Project

General

Profile

cgi Children forking children?

Added by Morgon over 14 years ago

Odd name for a thread, but I'm having a horrible time with a high-perf install.
After about 10 minutes or so (which is about 30,000+ requests), the output of pstree shows that some of the initial php-cgi children decided to spawn children of their own, eventually turning the system CPU-bound. Sometimes it doesn't even take 10 minutes to choke itself.

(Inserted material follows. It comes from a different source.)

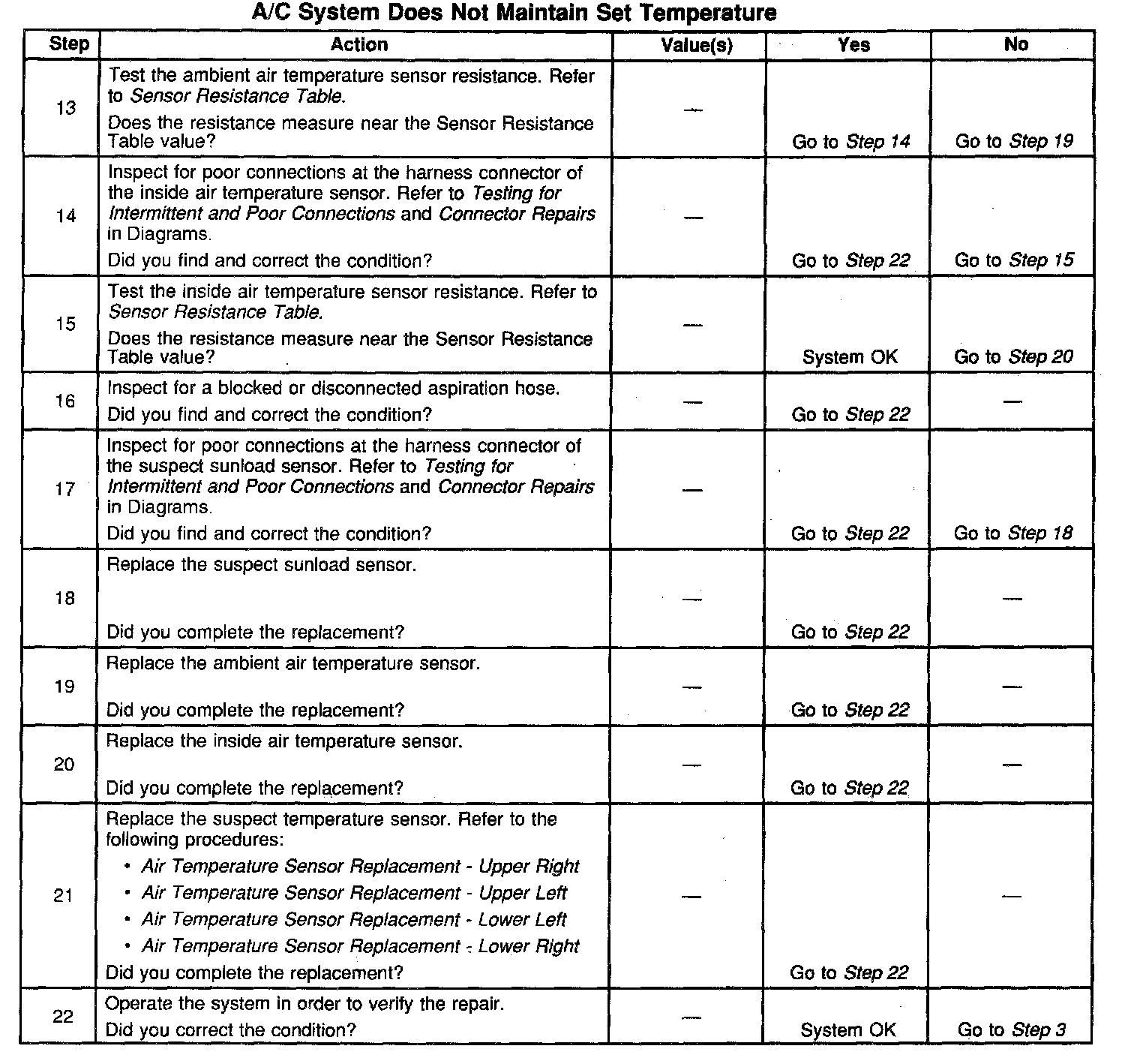 A/C System Does Not Maintain Set Temperature
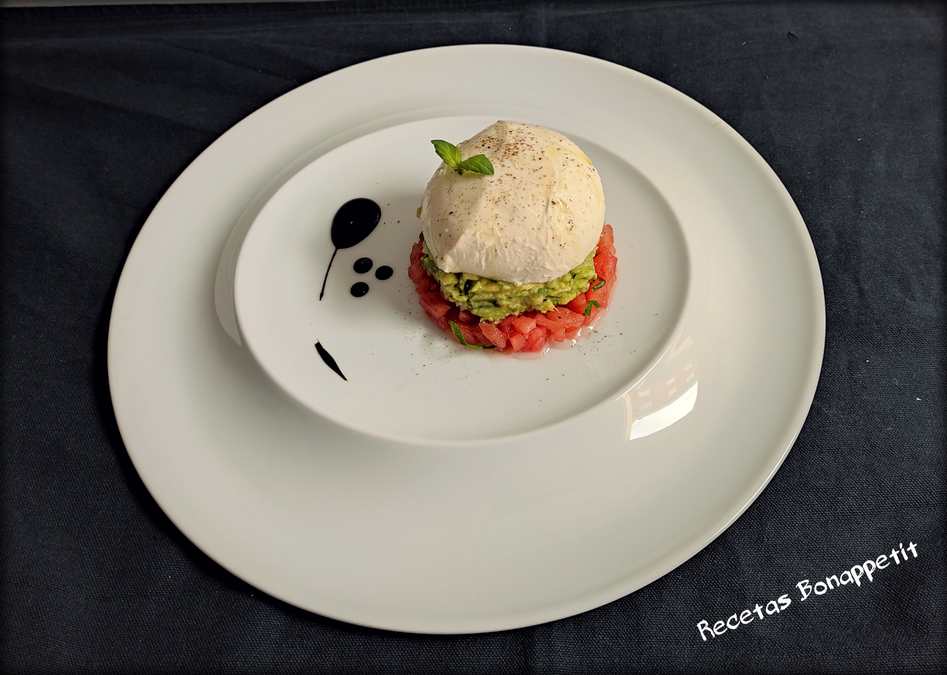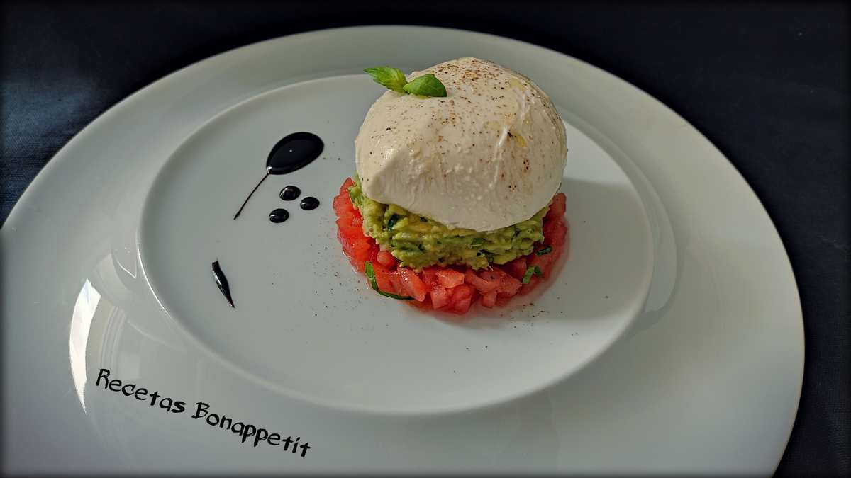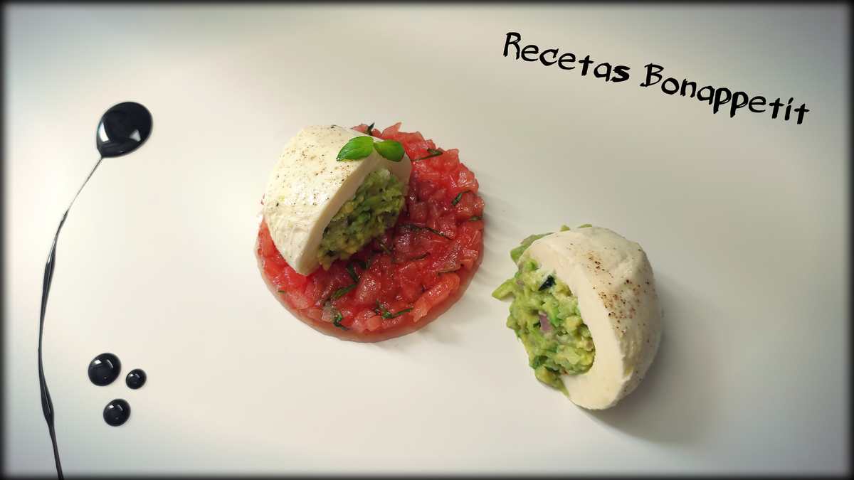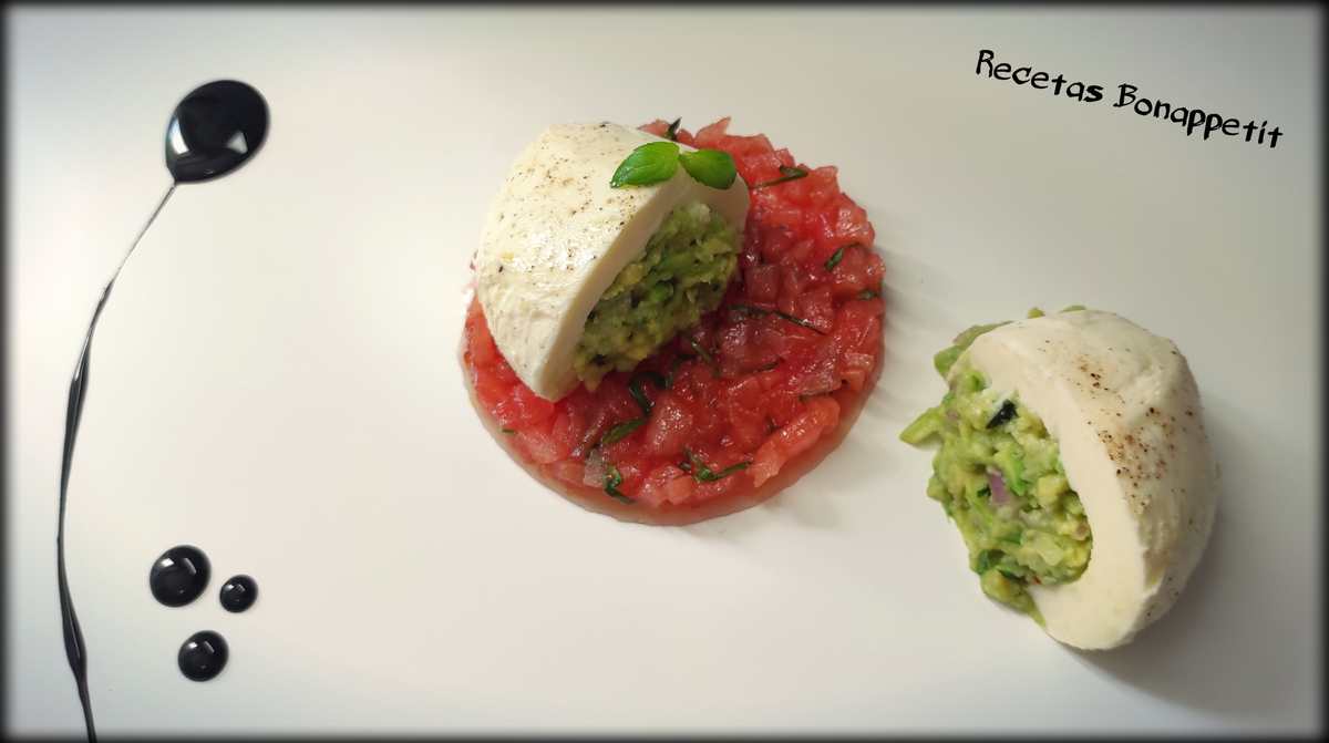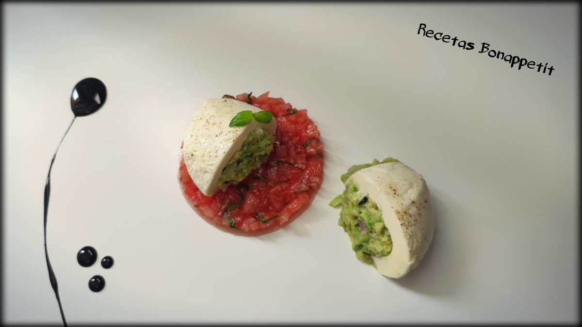 Sobre un plato ponemos el tartar de tomate y colocamos encima la mozzarella rellena, dándole la vuelta para que no se vea el guacamole. Salpimentamos y terminamos echando un chorrito de aceite de oliva por encima.

The relevant parts of the lighttpd.conf are attached. I'm sure this is going to look odd, and feel free to make additional suggestions, but since I have to be able to handle an unspecified number (~500+) of concurrent requests that generate dynamic images, these settings have generally been very good to me.
As far as I can tell, the actual PHP scripts handle fine (debugging a request show very little PHP execution time, even when it takes 60+ seconds to get it served by lighty).

Box is a dual dual-core with 4GB RAM.

I'm also seeing a lot of "backend is overloaded" in the error logs -- which part of the config actually controls that? I will make sure to set whatever I need to prevent that from happening; it should never occur :)

I was running on 1.4.20 when this happened, but just upgraded to 1.4.23 in hopes of seeing some improvement (it has, but this spawning issue is killing me).
Any insight very much appreciated!


server.stat-cache-engine = "fam"

server.max-keep-alive-requests = 0
server.max-write-idle = 35
server.max-read-idle = 10
server.max-fds = 32000
server.max-connections=750
server.max-worker = 8

....
$SERVER["socket"] == "ip:80" { ## general config stuff removed

fastcgi.server = ( "/" =>
(
"local" => (
"socket" => "/tmp/php.socket" + var.PID,
"bin-path" => "/usr/bin/php-cgi",
"broken-scriptfilename" => "enable",
"docroot" => "/my/path/to/handler.php",
"check-local" => "disable",
"max-procs" => 4,
"bin-environment" => ( "PHP_FCGI_CHILDREN" => "75", "PHP_FCGI_MAX_REQUESTS" => "1024"),
"bin-copy-environment" => ( "PATH", "SHELL", "USER" )
)
)
)
}

$SERVER["socket"] == "ip:443" { ## similar config. handler is for '.php' in this case
##max-procs is 3, CHILDREN is 50, MAX_REQUESTS is 2048
}

lighty-pstree-before.txt (16 KB) lighty-pstree-before.txt pstree output soon after launch
lighty-pstree-after.txt (55.3 KB) lighty-pstree-after.txt pstree output at about 10 minutes

Replies (12)

RE: cgi Children forking children? - Added by nitrox over 14 years ago

We don´t care as long as you use the server.max-worker setting.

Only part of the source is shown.